Said drama is the primary reason why yours truly doesn’t expect much of an improvement from the Sharks if Wilson remains in charge of this team. However, Wilson or no Wilson, there is one key young player that gives this Sharks team a glimmer of hope moving forward. Rookie center Chris Tierney finished the season on a terrific run as the third line center. The 20-year-old Ontario native finished with 14 points the Sharks’ final 18 games of the season. That equates to an average of .77 points per game, or in other words an 82 game pace of 63 points. Combined with Tierney’s responsible defensive play as a two way center, that would be an All Star level performance. Now obviously it is a stretch to expect Tierney to play a full season next year at such a torrid pace. However, the way he was playing down the stretch, a 43-45 point season would seem well within reason. And that level of production would give the Sharks a strong third line, something they have rarely featured the past four seasons without Joe Pavelski in that role. Pavelski has done nothing but shred competition in that spot and the Sharks have done more winning with him there than on the top line. For whatever reason though the organization prefers him on Thornton’s wing. With Tierney emerging though the Sharks finally look to have that third line center that can produce much needed depth scoring while Pavelski plays in the top six.

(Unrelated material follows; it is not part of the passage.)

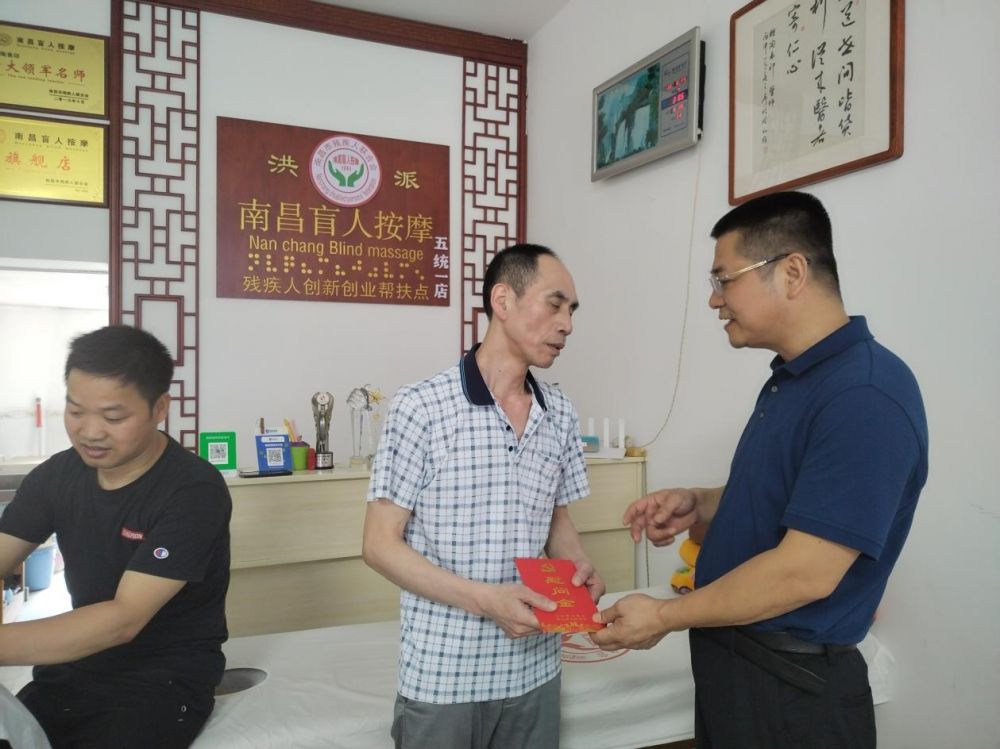 受新冠疫情持续影响,部分盲人按摩机构运营困难,盲人按摩人员的生活、就业等基本服务保障受到较大冲击。为积极落实好疫情防控期间盲人按摩机构纾困工作措施,切实稳定盲人就业、保障盲人按摩机构正常运转,6月23日下午,安义县残联党组书记、理事长张铭、副理事长陈小峰带队,对全县范围内困难按摩机构进行了走访慰问,为他们送去了党和政府的关爱。

Not only did Tierney finish the season on a tear, but he demonstrated play-making abilities second to only Joe Thornton on the roster. His on ice vision and knowing where his linemates are is again second to only Thornton. He reads the game at a different level than most and the Sharks need that type of player on the lower lines. They have had a lot of quality depth players in recent years but no real catalyst to get the best out of said players. One of those guys was James Sheppard, who was a productive complementary player on a third or fourth line. The only problem was the Sharks asked too much out of him to be the primary producer on a third line, something he has never shown capable of at the NHL level. Tierney on the other hand can be the catalyst on a third line and be the main generator of lower line scoring. Among his 14 final points, nine of them were assists as he helped raise the level of play of his linemates. Matt Nieto in particular had a nice finish of six points in his final 12 games as Tierney’s left winger. While Tommy Wingels failed to score a goal in his final 11 games, the right wing fit in well with Tierney and Nieto as the trio made for arguably San Jose’s best line while fighting for a playoff spot.
Looking forward to next season THW colleague Drew Weber suggests that 2015-16 could be even worse than this past season, but yours truly doesn’t see it that way. Given what Tierney showed down the stretch, I fully expect this team to be better even with Wilson remaining as GM. If Wilson remains though there will still be too much drama and lack of unity behind the scenes. The disconnect between Wilson and the players will cause too many problems for them to have any significant playoff success. But regardless I certainly expect them back in the playoffs with Thornton, Couture, and Tierney down the middle 1, 2, 3. And if Wilson were to be shown the door, with moves to upgrade the defense and goaltending, well, then this Sharks team could be much, much better than this past season. They could very easily bounce back into serious contention with just a couple of smart moves.